I eat right, plenty of fiber and other good foods, to ensure it comes out as clean and sweet as when it went down in the first place. I'm all about a nice tight turd; not too hard, definitely not sloppy gloppy and I, especially, like to finish it all off with a nice clean sweep of Charmin. There will be no residue in, or about, my HOUSE!
Sorry, but if I'm gonna get fucked (and I AM going to get fucked), I expect a little tongue prep to get my ass salivating, and, for that action, I'll be damned if I'm gonna have any shit, of any kind, slathered about for anyone to see or smell.
All I ask in return, is the same; a nicely kept, man-musk scented chute, chomping it's ass lips in anticipation for my tongue to slither and slide up, down, in, out and all the fuck about. Prepping that sweet ass for a bulldoze ride to Heaven, Hell or wherever the fuck I decide to bluster and blow. Yet, if I see one dingleberry or smell even the slightest hint of shit anywhere nears me, best believe yo ass will be sent to the showers, and, not trusting your dirty ass'd self to do it right, I'll be marching right behind with a big ol' bar of soap to ram so far up your pooper you'll be shitting bubbles for a month.

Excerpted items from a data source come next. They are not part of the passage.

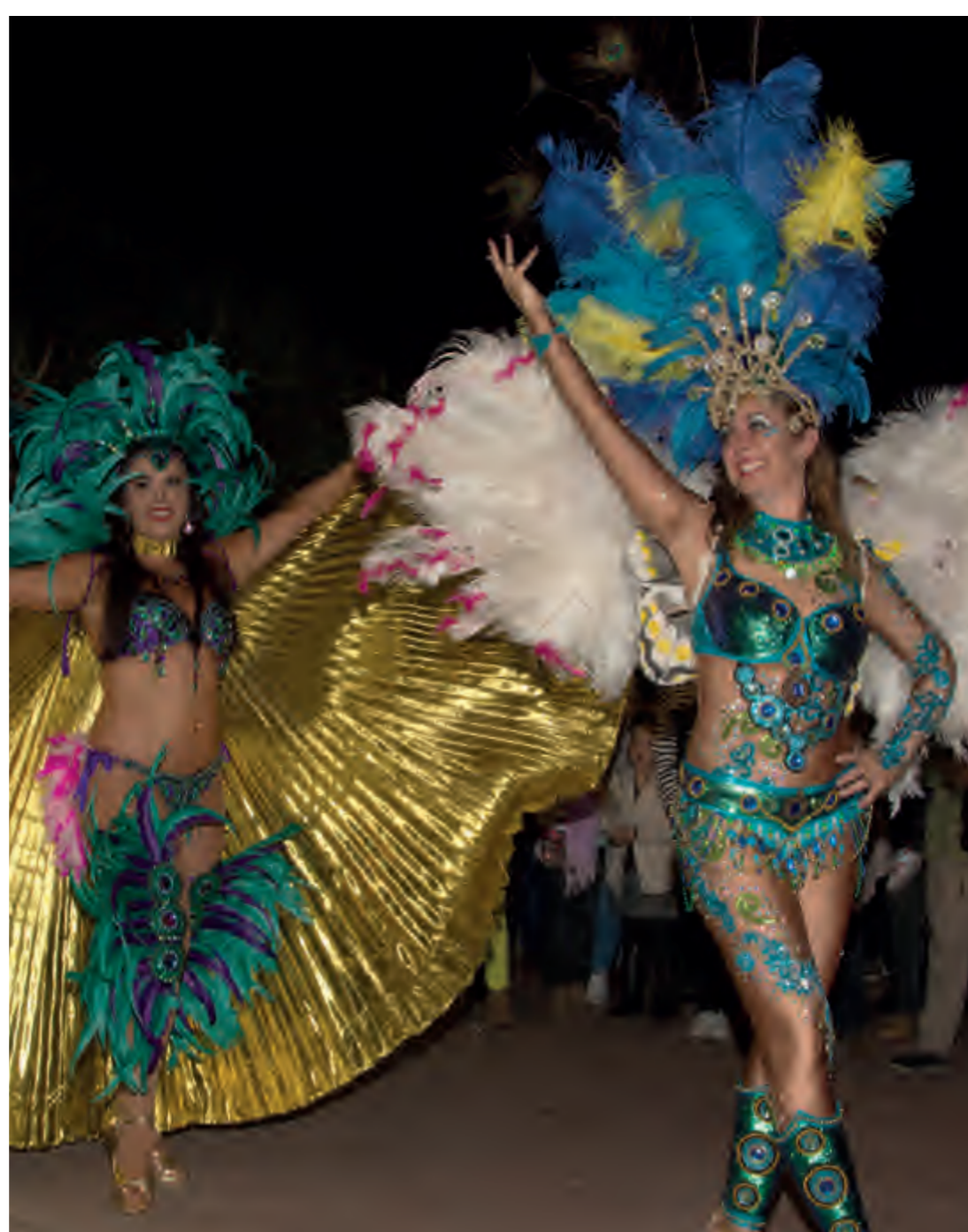
Noosa Long Weekend Festival
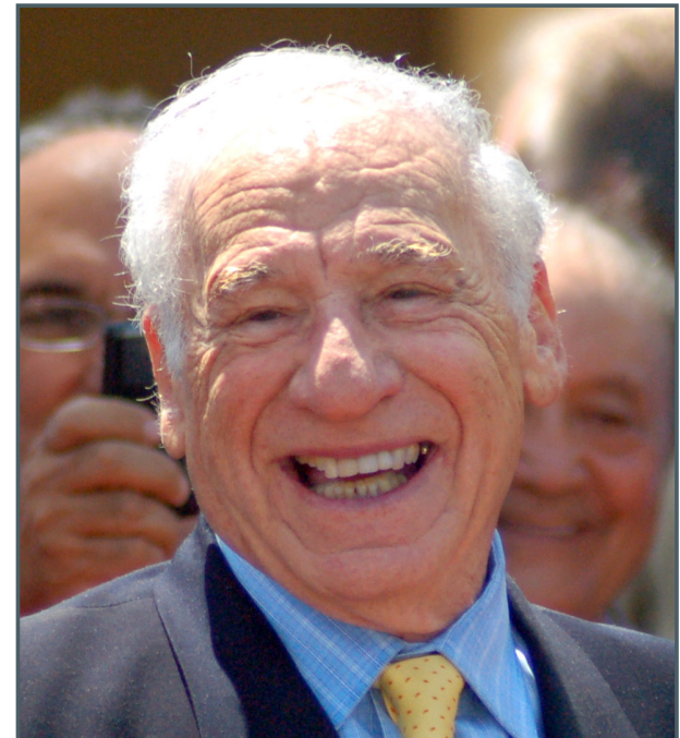
Mel Brooks attending a ceremony to receive a star on the Hollywood Walk of Fame.

• David Levy Yulee - the first Jew to be elected to the House of Rep-
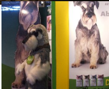
The view of Vendor Booths in only ONE Hall! The Drontal vendor booth & mascot
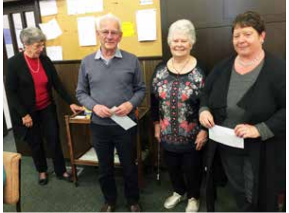
Cancer Charity Tournament

Sweaty and manly...?!? That's right... Wiggle and moan, show me your throne; best you believe, I'll throw you my bone.
Shitty and gross...?!? What..., no hands or arms for a wiper? Wrap your poopy ass in a diaper, and make like the Pied Piper; shitting your pants, right the FUCK out my door!
Also, expect a right hard kick in that freshly fucked ass of yours, if, for one second, you think you'll just flip over, ass fouled mouth and all, without first bumping hips with me as we brush and rinse our toofies.
We, as gay men, may fuck, suck and wrastle about with our cocks swinging and our asshole singing, like dirty, sweaty, be-deviled wild boars, but there is no reason to look or smell the part. Sorry, just keeping it clean!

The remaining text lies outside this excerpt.